9. The method of claim 1 further comprising, at a time the control plane of the peer is booted up as part of the hitless reboot:

reverting the identified rules to once again specify the CPU of the peer as the destination of matched network traffic.

10. A network device that is part of a multi-chassis system comprising a plurality of network devices, the network device comprising:

a data plane; and

a control plane including a central processing unit (CPU) and a main memory, the main memory having stored thereon program code that when executed by the CPU causes the CPU to, at a time of shutting down the control plane for a hitless reboot:

identify one or more rules programmed in the data plane that:

are configured on an ingress interface of a multi-chassis link aggregation group (MLAG) to which the network device is connected; and

specify the CPU as a destination for matched network traffic; and

for each of the identified rules, change the rule to specify an inter-chassis link between the network device and another network device in the plurality of network devices as the destination for matched network traffic.

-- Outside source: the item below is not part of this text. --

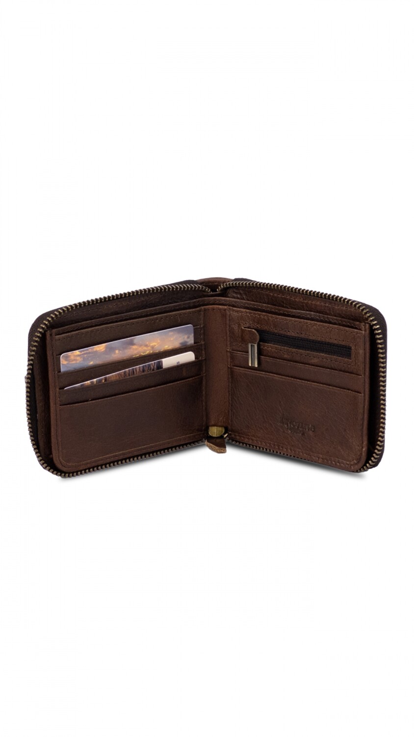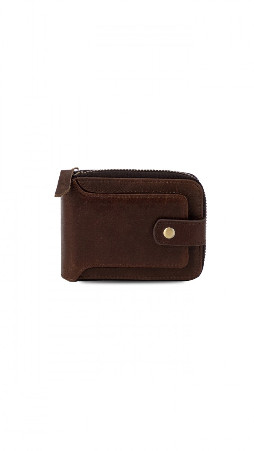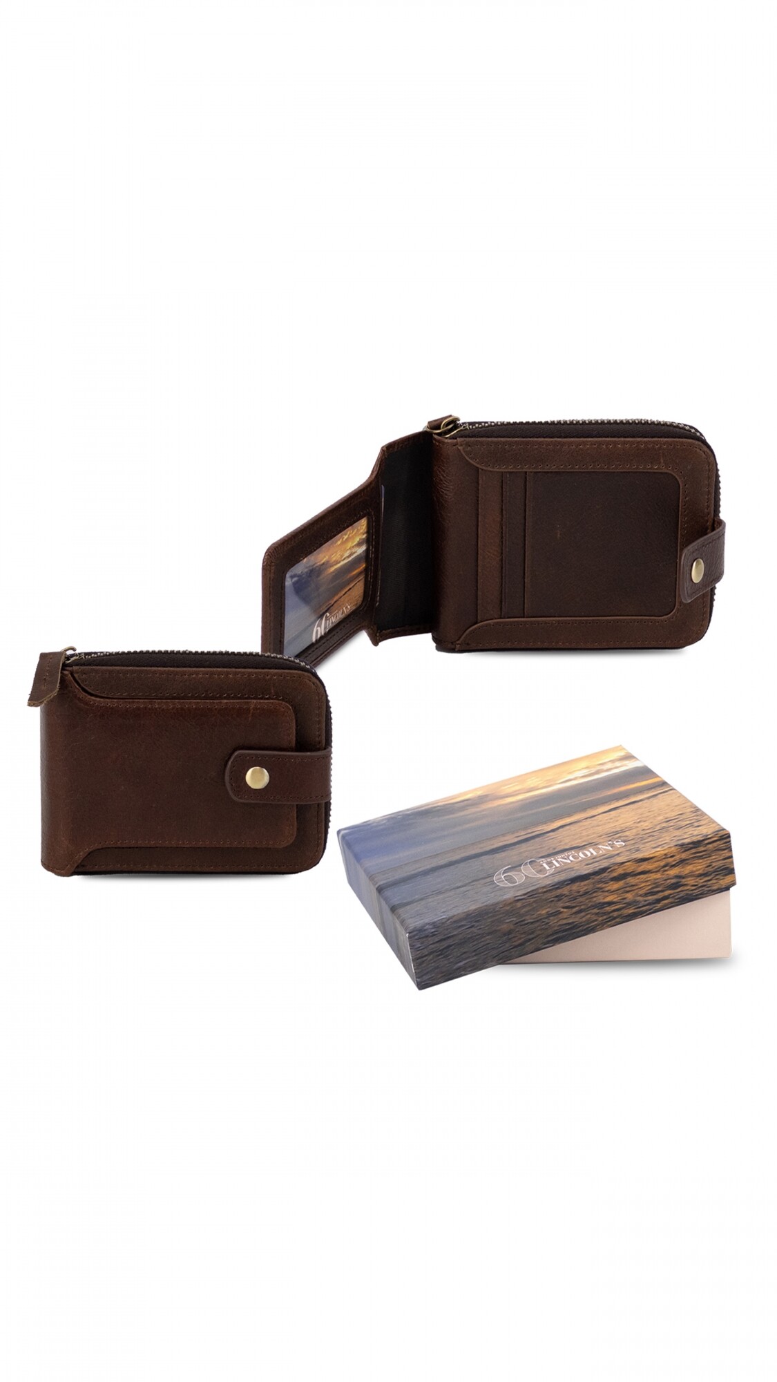Billetera de cuero con tapa y broche metálico, visor transparente, compartimientos internos y cierre seguro. Diseño elegante, resistente y funcional. Ideal para regalo.

11. The network device of claim 10 wherein the identified rules further include a match field of source Media Access Control (MAC) address and a match value corresponding to a virtual MAC address of the multi-chassis system.

12. The network device of claim 10 wherein the identified rules further include a match field of packet type and a match value indicative of Address Resolution Protocol (ARP).

13. The network device of claim 10 wherein while the control plane is down during the hitless reboot, the data plane:

receives a network packet matching one of the identified rules; and

sends the network packet out on the inter-chassis link to said another network device, without sending the network packet to the CPU.

14. The network device of claim 13 the network packet is a control plane protocol packet.

15. The network device of claim 14 wherein the network packet is an ARP refresh reply.

16. The network device of claim 15 wherein the ARP refresh reply was sent by a device communicatively coupled with the multi-chassis system via the MLAG.

17. The network device of claim 16 wherein the ARP refresh reply was sent by the device in response to an ARP refresh request originating from said another network device.

18. The network device of claim 10 wherein the program code further causes the CPU to, at a time the control plane is booted up as part of the hitless reboot:

revert the identified rules to once again specify the CPU as the destination of matched network traffic.

19. A method performed by a peer in a plurality of peers comprising a multi-chassis system, the method comprising, at a time of shutting down a control plane of the peer:

identifying one or more rules that:

are configured on an interface of a multi-chassis link aggregation group (MLAG) which the peer is a part of; and

specify a central processing unit (CPU) of the peer as a destination for matched network traffic; and

for each of the identified rules, changing the rule to forward network traffic matching the rule to another peer in the plurality of peers rather than to the CPU.

20. The method of claim 19 wherein the control plane of the peer is shut down as part of a hitless reboot process.